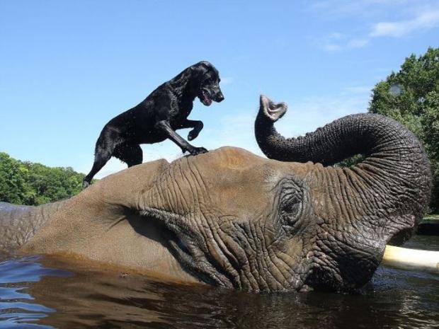 17. บับเบิ้ล ช้างแอฟริกาวัย 32 ปี กับเพื่อนรัก เบลล่า สุนัขพันธุ์ลาบาดอร์ วัย 3 ขวบ  ใน เทิลบีชซาฟารี แคโรไลน่า
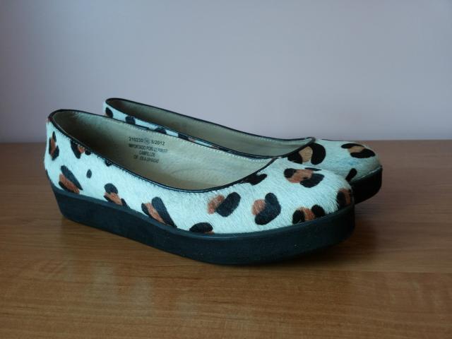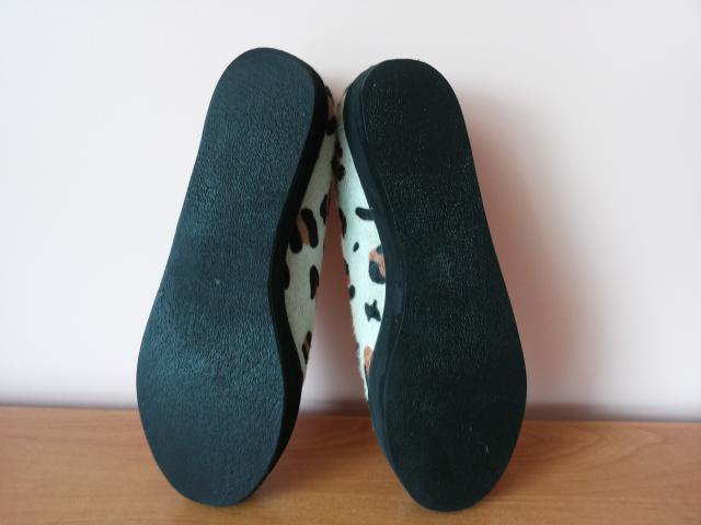 Išorė - natūrali oda (natūralus skustas kailiukas su šereliu), batelio vidus - natūrali oda. Pado aukštis - 3cm. dailūs ir stilingi bateliai, porąkart užsidėti
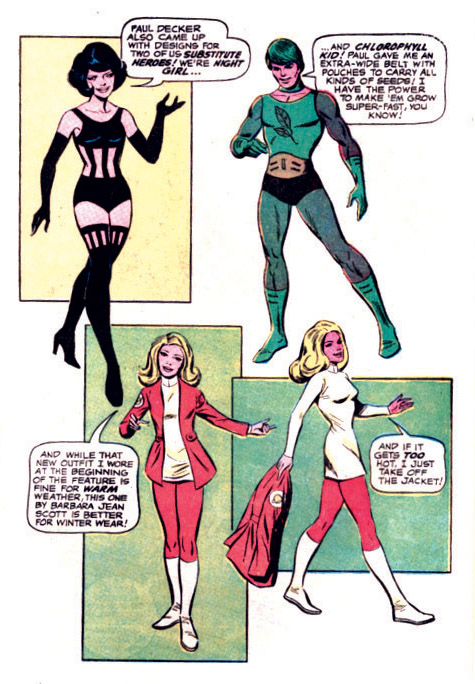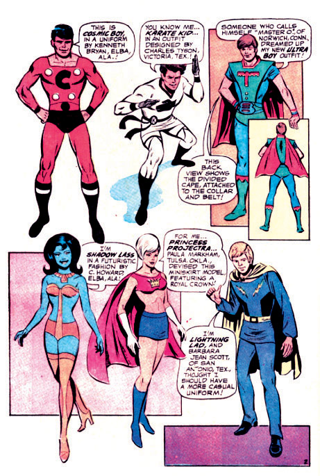 These fan-designed costumes appeared in Adventure Comics #403 (Mar./Apr. 1971), after the Legion's run ended in that comic). Only those for Duo Damsel and Saturn Girl were used permanently. For one issue only, Karate Kid, Projectra, and Shadow Lass wore these costumes, in Superboy vol. 1 #183 (1972).
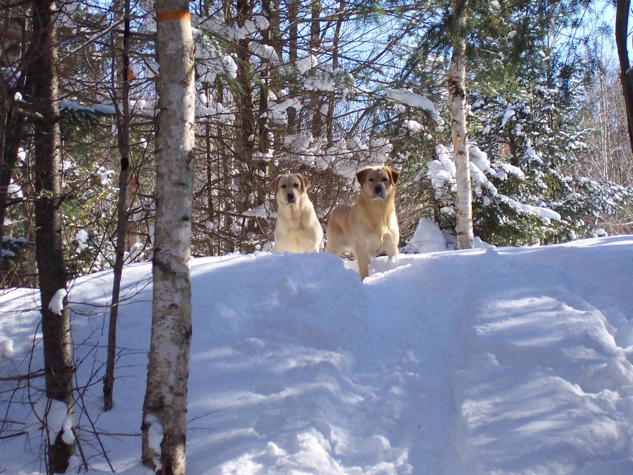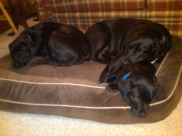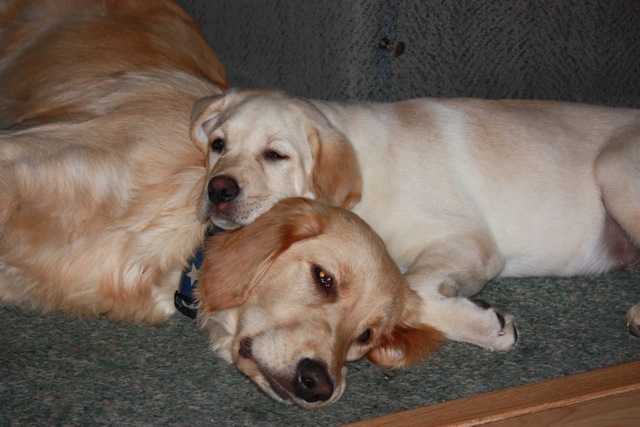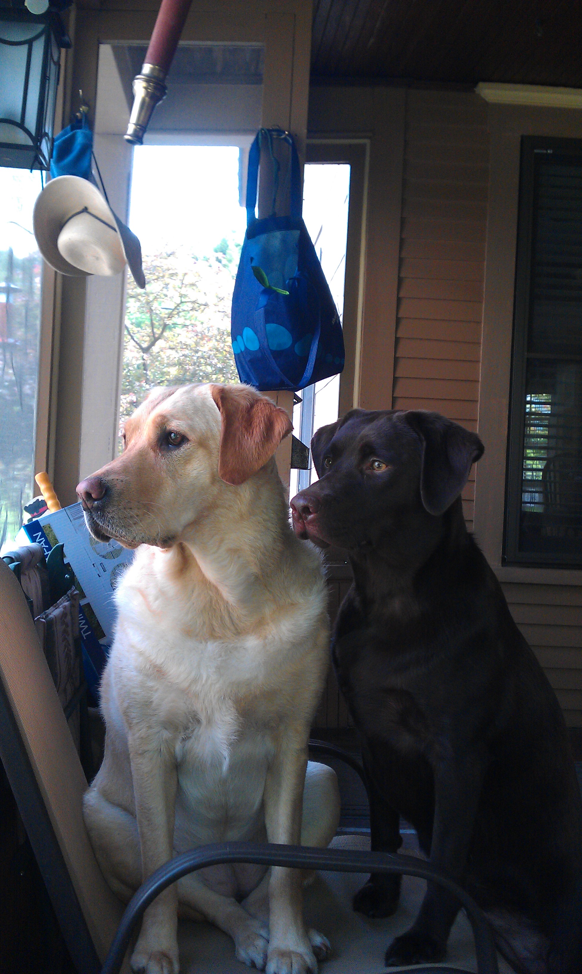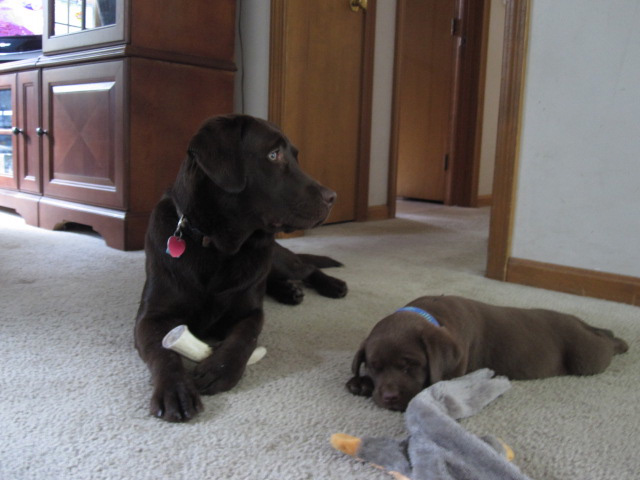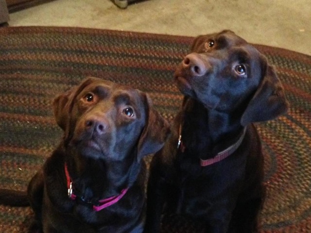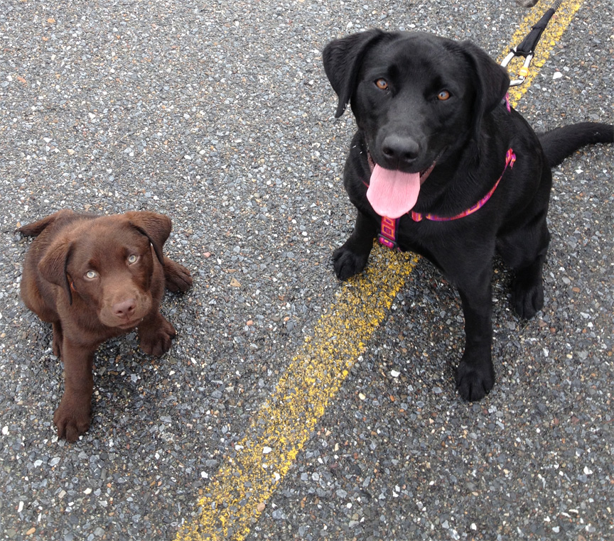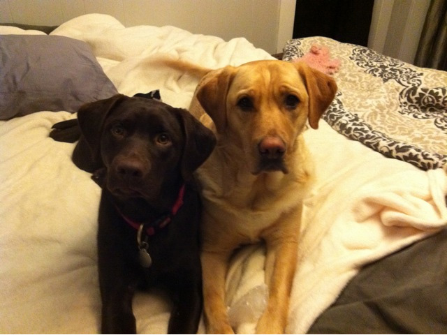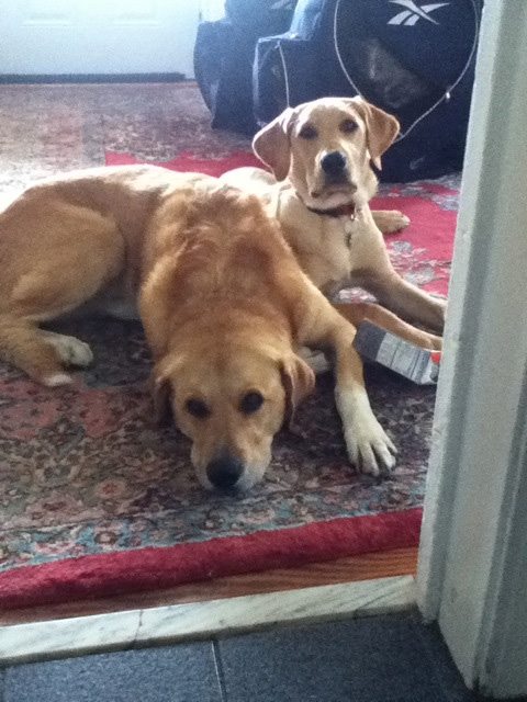 Sully and Bentley the yellow and Chocolate labs.
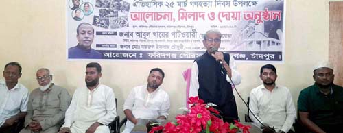 ২৫ মার্চ গণহত্যা দিবস উপলক্ষে ফরিদগঞ্জ পৌরসভার উদ্যোগে আলোচনা সভা ও দোয়া অনুষ্ঠিত হয়েছে। শনিবার (২৫ মার্চ) সকালে পৌরসভার হলরুমে নির্বাহী প্রকৌশলী নজরুল ইসলাম চৌধুরীর সভাপতিত্বে প্রধান অতিথির বক্তব্য রাখেন উপজেলা আওয়ামী লীগের সভাপতি ও পৌর মেয়র মুক্তিযোদ্ধা আবুল খায়ের পাটওয়ারী।
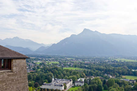 Background landscape view of the walls of Hohensalzburg Fortress and the surrounding hills and mountains in Salzburg, Austria
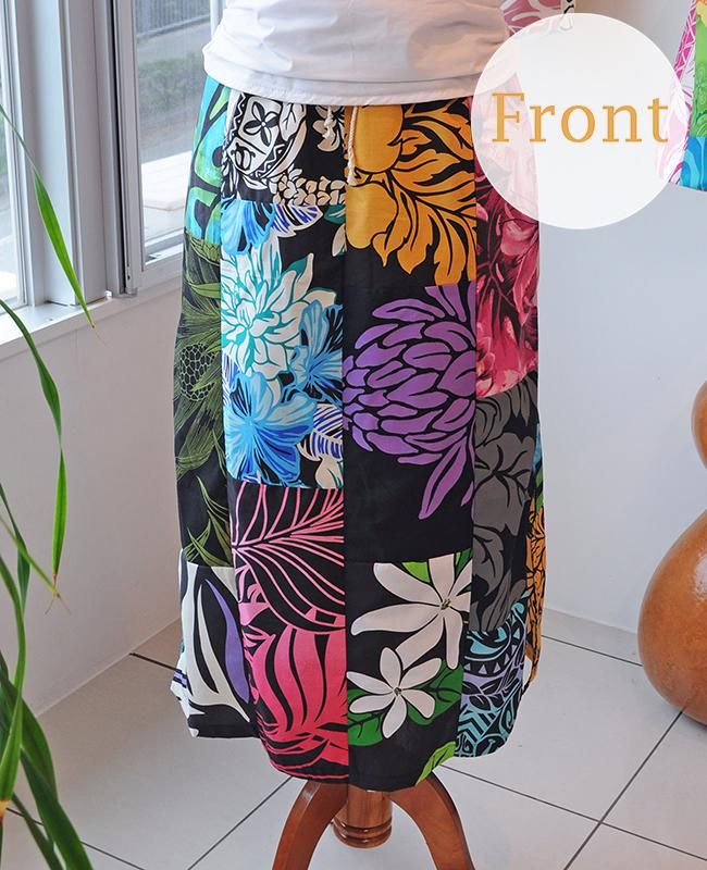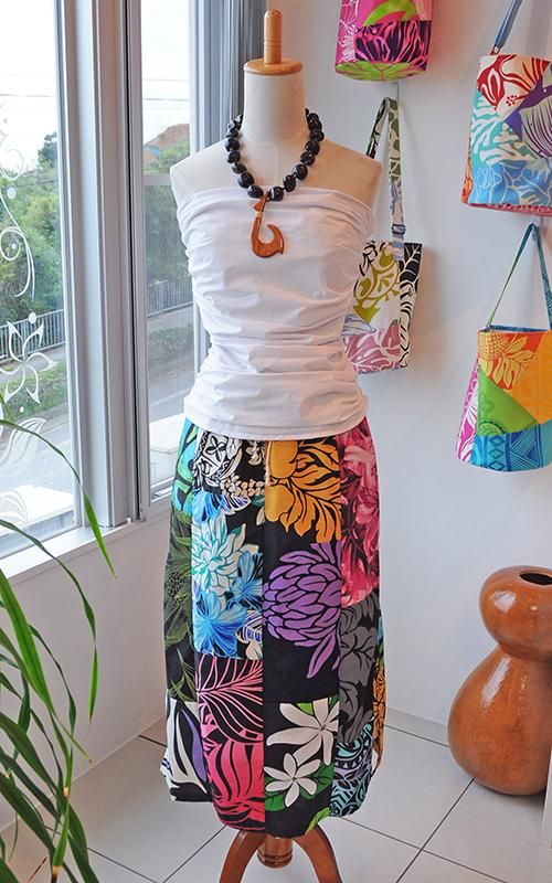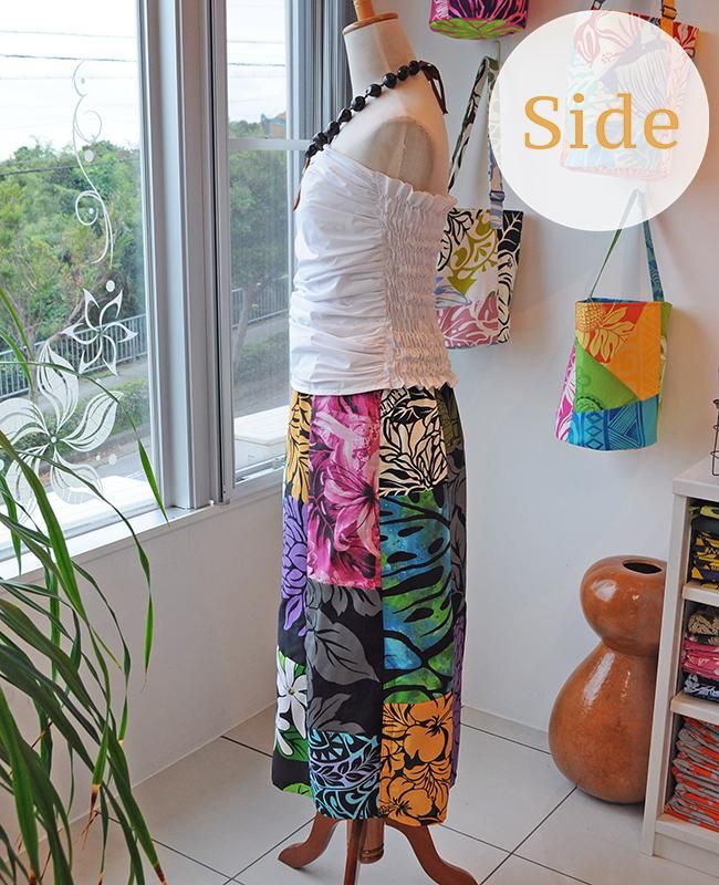 TOP > 【1点もの】 Pink Lei オリジナル/パッチドレス タイトロング ブラック・トロピカルフラワー柄【送料無料】
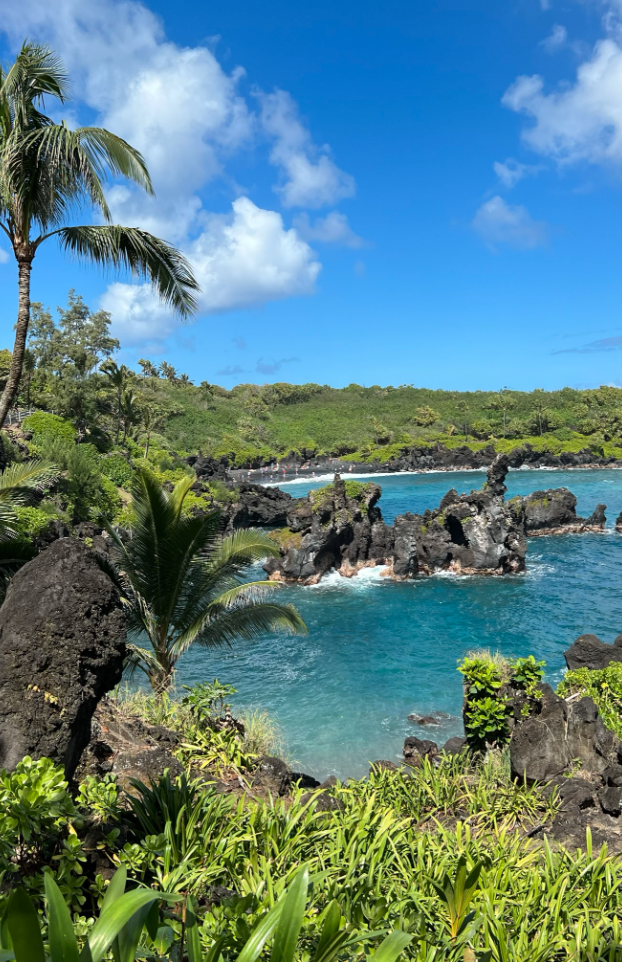 Over time, bits of lava rock have fallen from the top and sides of the Cathedrals allowing the bright Hawaiian sun to shine through, illuminating the caverns and highlighting rainbow colors in the blue water. The bright, well-lit chambers are large, ~30 feet tall, and have several entry and exit points. I’m someone who gets a little claustrophobic, but it was totally fine for me and felt nothing like being in a cave!
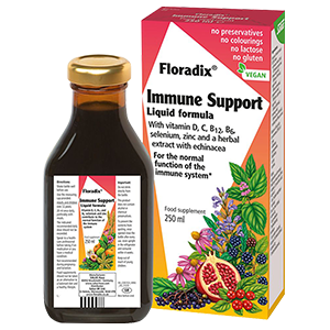 Η ενίσχυση και η υποστήριξη των αμυντικών μηχανισμών του οργανισμού είναι ευεργετική καθ’ όλη τη διάρκεια του έτους. Το Floradix Immune Support βασίζεται σε ένα υδατικό φυτικό εκχύλισμα από επιλεγμένα βότανα με εχινάκεια και ένα μείγμα συμπυκνωμένων χυμών φρούτων, που του χαρίζουν ευχάριστη φρουτώδη γεύση.

------------------------------------------------------------------------

WORK TO BE COMPLETED:
Only the lines between the one with "Sully and Bentley" and the one with "২৫ মার্চ গণহত্যা", those two included, get copied from the material above. Keep it exact and free of pictures.

RESPONSE TO THE EXERCISE:
 Sully and Bentley the yellow and Chocolate labs.
 ২৫ মার্চ গণহত্যা দিবস উপলক্ষে ফরিদগঞ্জ পৌরসভার উদ্যোগে আলোচনা সভা ও দোয়া অনুষ্ঠিত হয়েছে। শনিবার (২৫ মার্চ) সকালে পৌরসভার হলরুমে নির্বাহী প্রকৌশলী নজরুল ইসলাম চৌধুরীর সভাপতিত্বে প্রধান অতিথির বক্তব্য রাখেন উপজেলা আওয়ামী লীগের সভাপতি ও পৌর মেয়র মুক্তিযোদ্ধা আবুল খায়ের পাটওয়ারী।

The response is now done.